Его поразило: и тут стоял неукротимый, потрясающий рев, и неслось: кррак!.. кррак!.. и вспыхивали и гасли смертные вскрики.
Он мгновенно повернул и с еще большей легкостью и быстротой понесся прочь от бухты, и в глаза на мгновение блеснула последний раз за молом бесконечная синева...

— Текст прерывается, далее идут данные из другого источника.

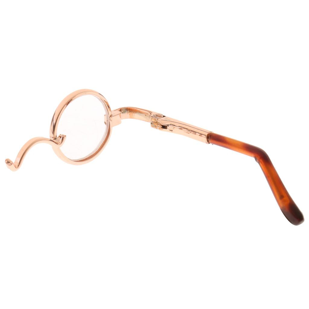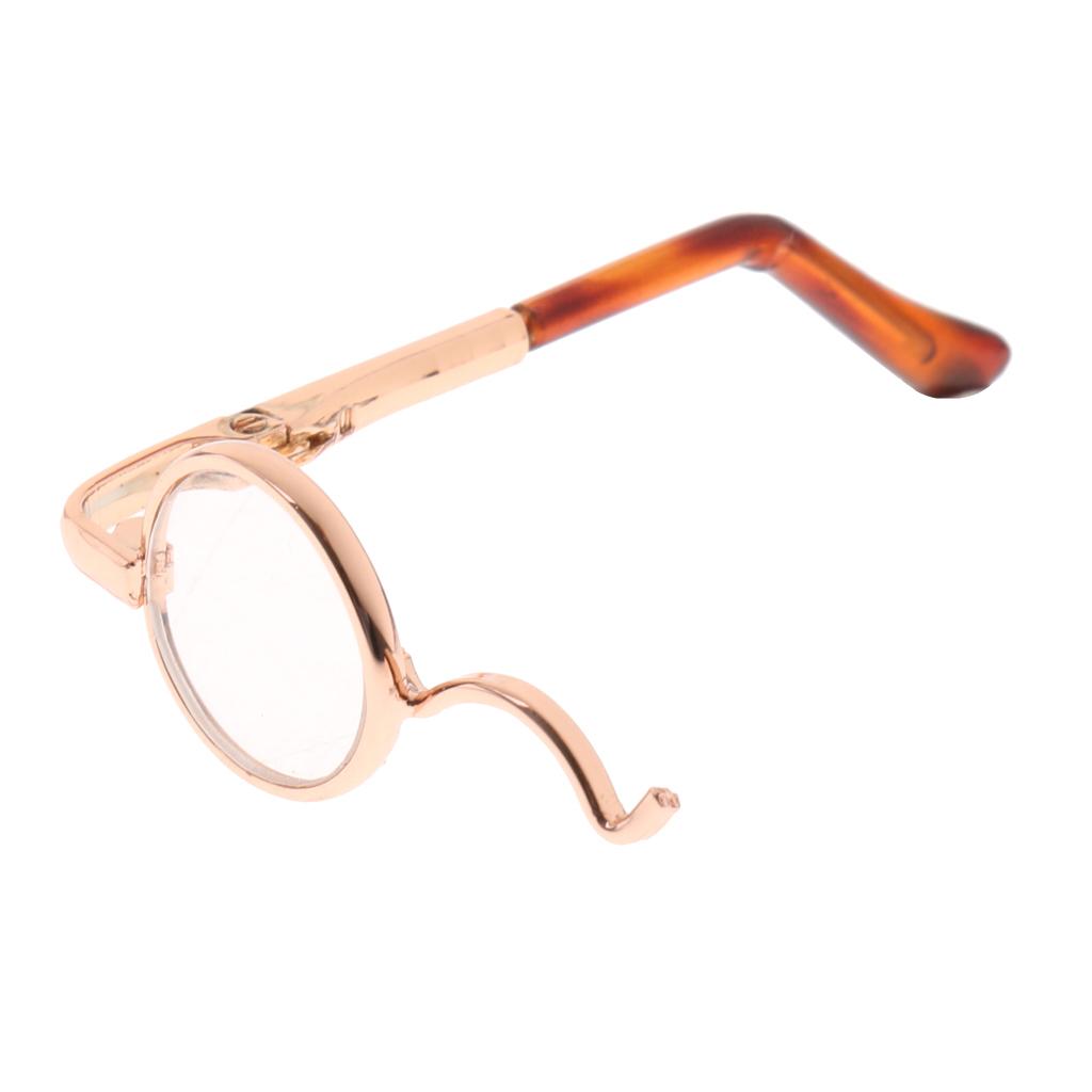 Pair of round frame eye glasses - clear glasses lens gold frame - for dolls dress up accessories
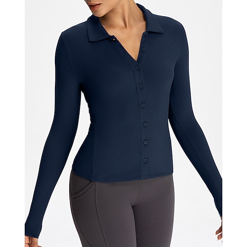 Per donna Tinta unita Maglia da tennis Top sportivo Elegante Bottoni Elastico Traspirante Golf Pickleball Yoga Collo ripiegato Top Inverno Nero Bianco Rosa Abbigliamento da tennis

"...Жить... жить... жить!.."
Он летел мимо белых домиков, бездушно глядевших черными немыми окнами, летел на край города, туда, где потянулось шоссе, такое белое, такое спокойное, потянулось в Грузию. Не в великодержавную Грузию, не в Грузию, рассадницу мировой культуры, не в Грузию, где он произведен в полковники, а в милую, единственную, родную, где так чудесно пахнет весною цветущими деревьями, где за зелеными лесными горами белеют снега, где звенящий зной, где Тифлис, Воронцовская, пенная Кура и где он бегал мальчишкой...
"...Жить... жить... жить!.."
Стали редеть домики, прерываясь виноградниками, а рев, страшный рев и одиночные выстрелы остались далеко назади, внизу, у моря.
"Спасен!!"
В ту же секунду все улицы наполнились потрясающе тяжелым скоком; из-за угла вылетели на скакавших лошадях, и вместе с ними покатился такой же отвратительный, смертельный рев: рры-а-а... Вспыхивали узкие полосы шашек.

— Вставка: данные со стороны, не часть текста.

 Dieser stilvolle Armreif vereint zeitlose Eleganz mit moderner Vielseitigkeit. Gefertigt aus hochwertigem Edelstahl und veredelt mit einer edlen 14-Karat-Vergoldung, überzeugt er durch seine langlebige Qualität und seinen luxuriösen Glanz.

Бывший князь Михеладзе, когда-то грузинский полковник, мгновенно бросился назад.
"...Спаси-ите!"
И, зажав дыхание, полетел по улице к центру города. Раза два ударился в калитку, - калитки и ворота были наглухо заперты железными засовами, никто не подавал и признаков жизни: там чудовищно было все равно, что делалось на улице.
Тогда он понял: одно спасение - гречанка. Она ждет с черно-блестящими жалостливыми глазами. Она - единственный в мире человек... Он на ней женится, отдаст имение, деньги, будет целовать край ее одеж...
Голова взрывом разлетелась на мелкие части.
А на самом деле не на мелкие части, а расселась под наискось вспыхнувшей шашкой надвое, вывалив мозги.
27
Зной разгорается. Невидимый мертвый туман тяжело стоит над городом. Улицы, площади, набережная, мол, дворы, шоссе завалены. Груды людей неподвижно лежат в разнообразных позах. Одни страшно подвернули головы, у других шея без головы. Студнем трясутся на мостовой мозги. Запекшаяся, как на бойне, кровь темно тянется вдоль домов, каменных заборов, подтекает под ворота.
На пароходах, в каютах, в кубрике, на палубе, в трюме, в кочегарке, в машинном отделении - все они с тонкими лицами, черненькими молодыми усиками.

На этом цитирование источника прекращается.